A proposed change to the Dutch regime for Group Finance Companies (“GFCs”) would require a number of GFCs to apply for a banking licence. The change is part of the proposed 2015 Financial Markets Amendment Act (the “Draft Act”), which would come into force on 1 January 2015. Public consultation for the Draft Act has ended. De Brauw and a few other leading law firms participated in the consultation with the aim to safeguard the banking licence exception for GFCs. Our response can be found here.

Current regulatory regime
The EU banking directives contain a licence obligation for banks with a seat in the Netherlands. In addition, there is a prohibition on attracting repayable funds from the public in the Netherlands, regardless of the use of that funding.

The Financial Markets Supervision Act currently provides an exception from the banking licence requirement and the prohibition available to GFCs (i) attracting repayable funds through the offering of securities, and (ii) extending (i.e. on lending) at least 95% of the funds attracted from the public to group companies, provided that certain other requirements are met, notably relating to a guarantee of the GFC’s obligations.

Proposed changes
The most sweeping of the proposed amendments are:

  • The exception is not available if 5% or more of the funds obtained from the public, is extended (on lent) outside the group.

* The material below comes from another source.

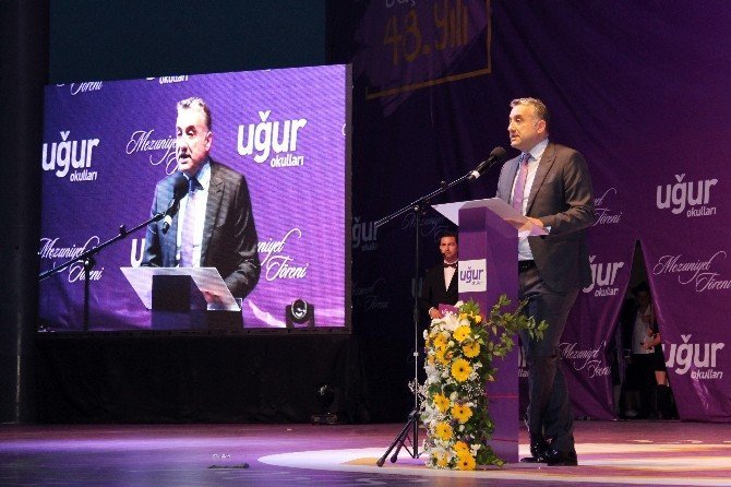 Mezuniyet töreni, öğrencilerin “Uğurlu olmak nedir?” başlıklı sunumu ile başlarken, Bornova ve Gaziemir Uğur Lisesi’nin zeybek gösterileri ile devam etti. Ardından Uğur Okulları Genel Müdürü Yücel Yücel bir konuşma yaptı. Yücel, kendisinin de Uğur Okulları’ndan mezun olduğunu belirterek, “Öğrencilerimizin az önce ‘Uğurlu olmak nedir?’ sorusuna cevap verdikleri görüntülerini izledik. Bana göre Uğurlu olmak, bundan 21 sene önce gittiğim kuruma genel müdür olmaktı. Bu hayalimi gerçekleştirdim. Uğurlu olmak, öz güven sahibi, kendi ayakları üzerinde duran öğrenci olmaktır. Bir dünya vatandaşı olabilmektir. Bugün duyduğunuz heyecanı, aşacağınız yeni hedefler, kazanacağınız yeni arkadaşlıkların ve başarıların başlangıcı olarak görüyoruz. Bugün hem mutlu, hem umutlu hem de duyguluyuz” dedi.

It is not relevant which entity extends (on lends) the funds to borrowers outside the group. This may be the GFC, but it may also be another group entity. In both situations, funds may be extended outside of the group only if this stays below the 5% threshold.
  • The exception is not available if one or more group companies extend funds outside the group acting in a commercial capacity (e.g. a bank). It is unclear whether the Draft Act indeed intends to prohibit GFCs from being part of a group that also includes a bank, even if that bank were not to provide credit in an amount equalling 5% or more of the funds obtained by the GFC.

If enacted as proposed, the new regime will apply to the attracting of funds after the Draft Act enters into effect. There should be no impact on prior transactions.

A GFC that only attracts funds from PMPs would not fall within the scope of the banking licence requirement or the prohibition on attracting repayable funds and would not need to rely on the exception. However, a GFC that obtains funds from the public after the Draft Act enters into effect will need a banking licence if it does not meet the new requirements.